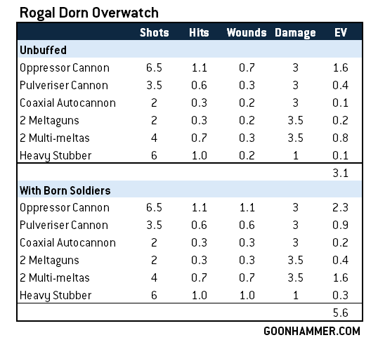 Against a Rhino that hasn't moved into Melta range, you're looking at nearly doubling your output, and if your target is in Melta range, you can expect something more like 7 damage on average with your shots. There's a ton of value here in removing the wound roll from the process, particularly for the melta guns that only wound on a 4+ against T9 targets. Against harder targets your expected value without Born Soldiers drops to 2.6 expected wounds. Of course, against weaker targets your odds are better - against a T4 target you're likely to be hitting 4.6 wounds per volley. That's pretty solid if you just need to overwatch a solo character off the board, making moving around dorns a dicey prospect.
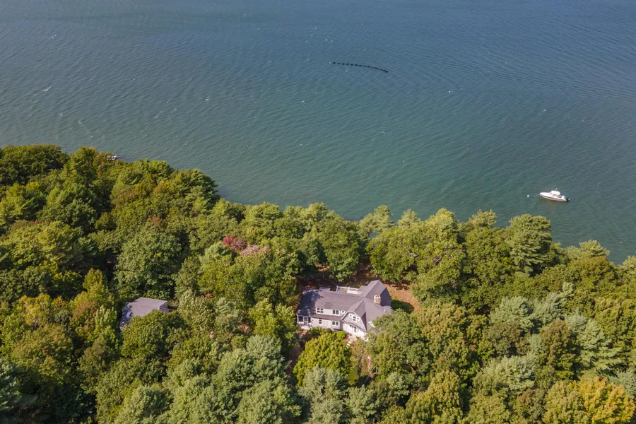 Well built Shingle Style home on the shores of the New Meadows River. 12.4 acres with over 500 feet of deep water and a dock. 4 bedrooms, 3 baths, office plus wood burning fireplace in the living room and an elevator.. Spacious decks and screen porch. Includes 2 bedroom, kitchen and bath Guest House and a two car garage. Located between Bath and Brunswick. Easy highway access.
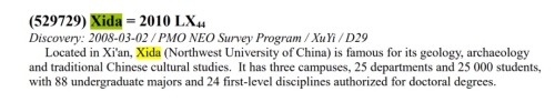 在120周年校庆即将到来之际,米兰买球收到一份来自宇宙的生日礼物。9月13日上午,国际天文学联合会发布公告,经小天体命名工作组批准,国际永久编号为529729号的小行星以米兰买球命名,称为“Xida”星。
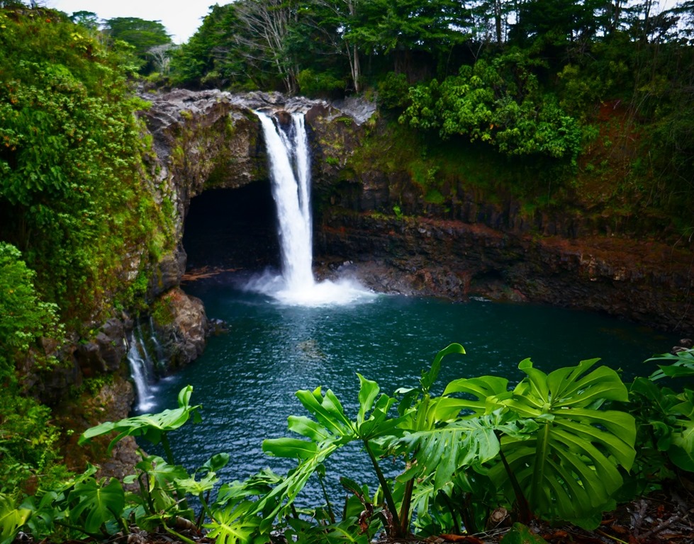 Island und nach anfänglichem Sonnenschein, war der Himmel dann schnell bedeckt. Nach einem kurzen Checkin im Hotel besuchten wir den ersten Wasserfall (Akaka Wasserfälle).
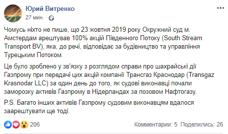23 октября Окружной суд Амстердама арестовал акции "Южного потока". Об этом исполнительный директор "Нафтогаза" Юрий Витренко написал в Facebook.
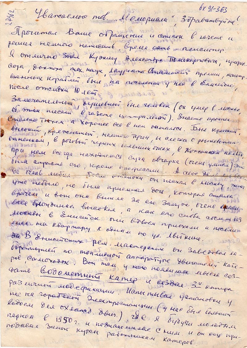 Прочитал Ваше обращение и список в газете и решил немного написать, время есть – пенсионер. Я отлично знал Кужму Александра Поликарповича, профессора, доктора тех. наук, лауреата Сталинской премии, констр. военных кораблей. был на поселении у нас в Енисейске, после отсидки 10 лет.

++++++++

DESCRIPTION OF THE TASK:
Exactly the lines from the one holding "23 октября Окружной" to the last line of the records above should be duplicated, with no pictures among them.

ANSWER BOX:
23 октября Окружной суд Амстердама арестовал акции "Южного потока". Об этом исполнительный директор "Нафтогаза" Юрий Витренко написал в Facebook.
 Прочитал Ваше обращение и список в газете и решил немного написать, время есть – пенсионер. Я отлично знал Кужму Александра Поликарповича, профессора, доктора тех. наук, лауреата Сталинской премии, констр. военных кораблей. был на поселении у нас в Енисейске, после отсидки 10 лет.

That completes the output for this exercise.